Turnbull is still questioning the line between art and craft. The small sculptural objects selected for this exhibition at McClelland reflect Turnbull’s training as a jeweller and silversmith in her eye for finish, and facility in working with materials, both manufactured and repurposed. Ceramicists are increasingly concerned about the ‘plinth’ on which their work is placed, and it is the same for sculptors with a jewellery or silversmithing background, where every aspect is central to the work. The bases of Turnbull’s sculptures are created through folds of metal, stacking and wedging which provide deceptively simple and sophisticated solutions essential to the whole.

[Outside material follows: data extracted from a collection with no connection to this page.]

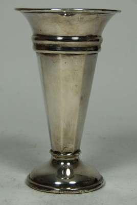 makers mark indistinct, London 1919, of circular form with octagonal panelled body and a plain circular foot, with fitted flower grill (2)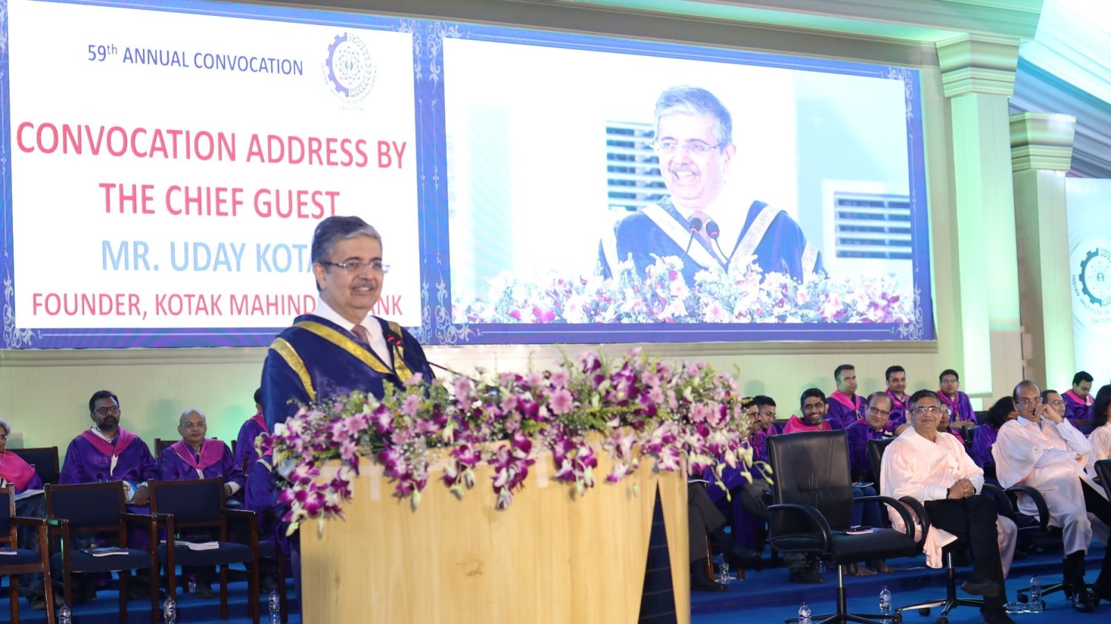 Kotak Mahindra Bank founder Uday Kotak, in his speech as the chief guest, called upon the graduating students to champion professional “entrepreneurship” and spearhead India’s economic ascent.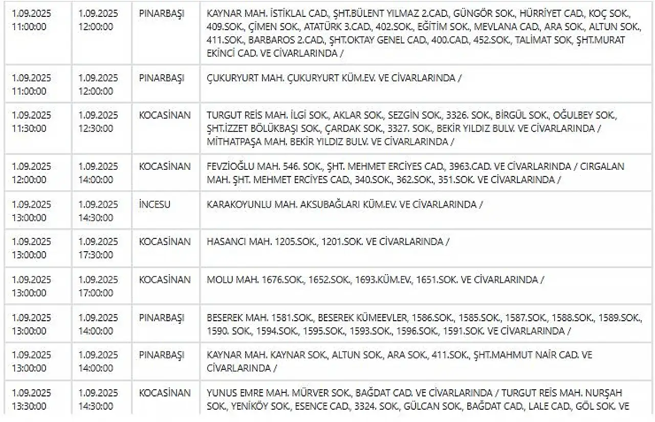 KCETAŞ’tan edinilen bilgilere göre yarın (1 Eylül 2025) aşağıdaki mahallelerde elektrik kesintisi yaşanacak.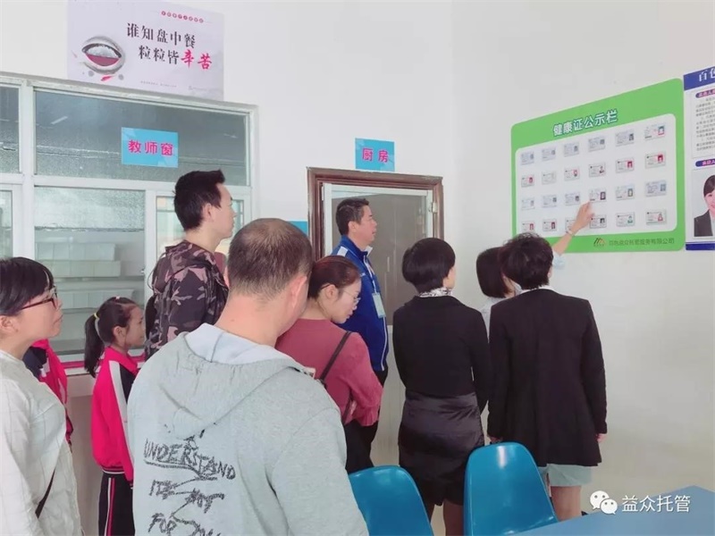 ????? 為了讓家長們更好地了解學(xué)校食堂食品安全衛(wèi)生,增強(qiáng)學(xué)校食堂工作的透明度,更好地做好學(xué)生飲食工作。2018年11月2日上午,益眾托管公司參加了百色市第十小學(xué)組織的“家校聯(lián)動,共筑食品安全防線”活動,校方代表、一年級部分家委會成員、學(xué)生代表檢查小組走進(jìn)益眾托管食堂,實(shí)地監(jiān)督和檢查食堂工作。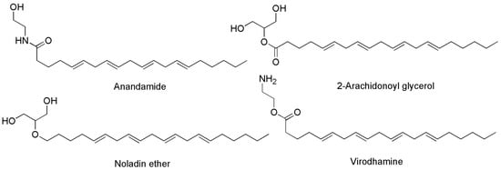 Figure 3. Chemical structure of the main ECs found in humans acting on CB1 and/or CB2 receptors.

The ethics of materials are also important for Turnbull. Though often employing pre-used materials in her artwork, she doesn’t describe these components as found materials. Instead, they are recycled parts that contribute to a new whole. The underpinning ethic is the importance of making art sustainably. It leads Turnbull to find the beauty in things past and sometimes overlooked. In Steel waveform with pink tie 2019, for example, she uses a small pink thread as a bow that loosely foulards at the neck of a folded copper sheet. Flat steel 2019 is similarly resolved, with circular holes pre-punched in lines around two sides of a square steel sheet, contrasting with the rust bloom on the metal base and other parts of the plate, and a scraffito of white lines that might be a drawing by Turnbull added later, or something else found. There’s something profoundly satisfying about the materials selected and Turnbull’s language of playful restraint. One can’t help but think of the use of found materials in assemblages by great male artists in the early 20th century such as Robert Rauschenberg, Arman and the like. But we shouldn’t forget the 1970s feminist practices that similarly championed recycling up as art materials and a sophisticated low-fi environmental aesthetic in their teaching and community based-projects. The ethics of artmaking clearly continue to challenge Turnbull. Her recent exhibition Mood Mirror (2020) at Daine Singer was in part an investigation of ‘why make art, and why make it now’. She questioned the sustainability of practice, the need to make a wage, and the demands of family in the middle period of her career. So, she connected with family members separated by pandemic-induced isolation by incorporating materials found at home such as her daughter Roma’s primary school art, the flowers from her mother’s garden, and her mother’s silk and ink test-pieces. Turnbull notes that this approach enabled her to examine the world of things ‘as the form-creating basis for culture’. And culture is as much about connection and people, as it is a collection of things.